Kabiven and Perikabiven are fixed combinations of amino acids, dextrose, lipids, and electrolytes and come in several sizes; selection will be based on fluid requirements and duration of infusion. Note: Always check compatibility with parenteral nutrition before simultaneously administering any drug via Y-site (Trissel 1997; Trissel 1999). If patient is receiving ceftriaxone, do not administer ceftriaxone simultaneously via Y-site due to precipitation (Kabiven and Perikabiven contain calcium); if the infusion line is thoroughly flushed between infusions with a compatible fluid, may sequentially administer ceftriaxone and Kabiven or Perikabiven.
Kabiven: Infuse over 12 to 24 hours via central vein only using a 1.2 micron inline filter.
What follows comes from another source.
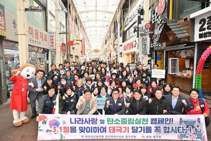 이날 김영길 중구청장과 박경흠 중구의회 의장, 이성룡 울산시의회 의장, 한국자유총연맹 울산중구지회 회원 등 100여 명은 주민들에게 태극기를 나눠주며 3.1절 태극기 게양을 독려했다.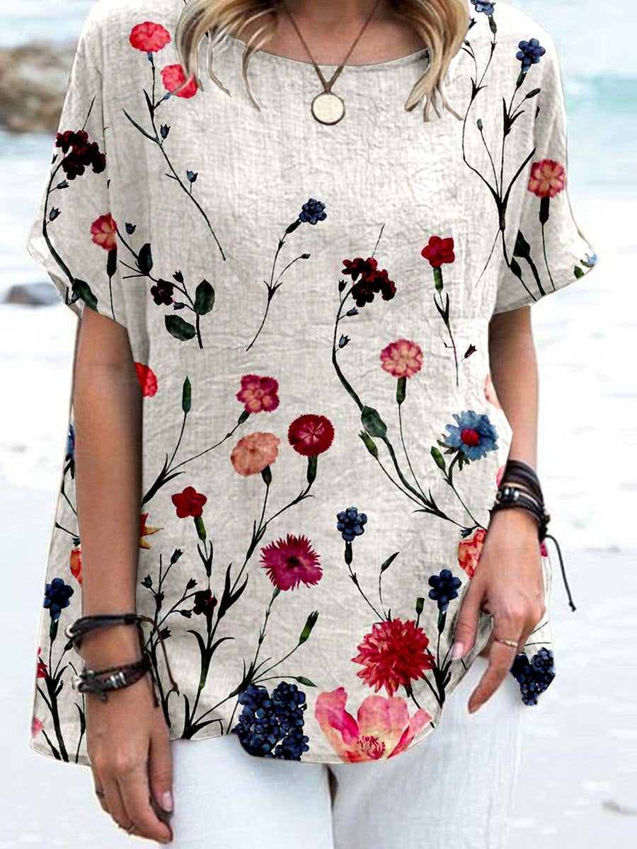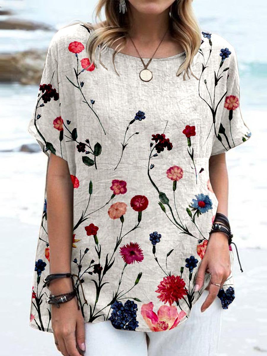 Women's Elegant Floral Print Cotton and Linen Top

Maximum infusion rate: 2.6 mL/kg/hour (corresponds to amino acids 0.09 g/kg/hour; dextrose 0.25 g/kg/hour [rate-limiting component]; lipids 0.1 g/kg/hour). Administer through a dedicated line without any connections. Do not use administration lines and sets containing DEHP (sets containing PVC components have DEHP as a plasticizer). Vein irritation, damage, and/or thrombosis may occur if administered via peripheral vein.
Perikabiven: Infuse over 12 to 24 hours via peripheral or central vein using a 1.2 micron inline filter. Maximum infusion rate: 3.7 mL/kg/hour (corresponds to amino acids 0.09 g/kg/hour; dextrose 0.25 g/kg/hour [rate-limiting component]; lipids 0.13 g/kg/hour). Administer through a dedicated line without any connections. Do not use administration lines and sets containing DEHP (sets containing PVC components have DEHP as a plasticizer).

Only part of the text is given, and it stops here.